However, I have found this change to have an additional benefit after the fact: The issue is that method_exists() also accepts a string as first argument, and will treat it as a class name in that case, which involves invoking the autoloader. This means that if you have code like method_exists($arbitraryValue, 'method') you must make sure that at least !is_string($arbitraryValue) holds beforehand -- at which point you might as well just test for is_object($arbitraryValue).
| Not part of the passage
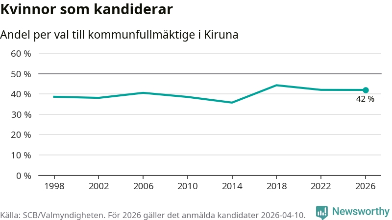 Kvinnorna utgör 42 procent av de hittills anmälda kandidaterna, vilket är den lägsta andelen på listorna till kommunfullmäktige i Kiruna sedan valet 2014. Vid valet 2018 var 44 procent kvinnor, valet 2014 var motsvarande siffra 36 procent. Kiruna är en av 264 kommuner i landet där männen utgör en majoritet av kandidaterna på listorna.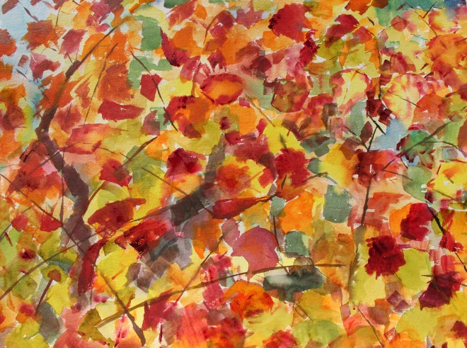 My clothes were still hanging up to dry after a session of digging trenches outside in the downpour in an attempt to divert the deluge from the barn and outbuildings. We had been confined to home for three days sa roads were impassable and it was unwise to venture forth. It proved to be a productive time in the end, providing a welcome chance to focus on a new commission and temporarily let go of the other jobs that required me to be out and about. It’s been a very intense and emotional few months and getting back to my paints was a balm to the soul, a reminder of what makes me happy, it started the juices flowing again for planning more Paint Provence trips and brought a wonderful sense of being reconnected t what I love and enjoy. Immersing myself in the canvas helped to re-establish some perspective after what has been probably one of the most difficult periods of my life. Gradually a new (plan?) structure is emerging and I can start to see the wood for the trees. Painting is my very best therapy!

See https://github.com/guzzle/promises/pull/105/files for an instance of such a bug going unnoticed for a long time. This is a pretty severe issue (those autoloader invocations are definitely going to hurt performance, but may also impact security), but the previous behavior of the function made it very easy to make it, because it made it look like passing an arbitrary value to method_exists() is safe.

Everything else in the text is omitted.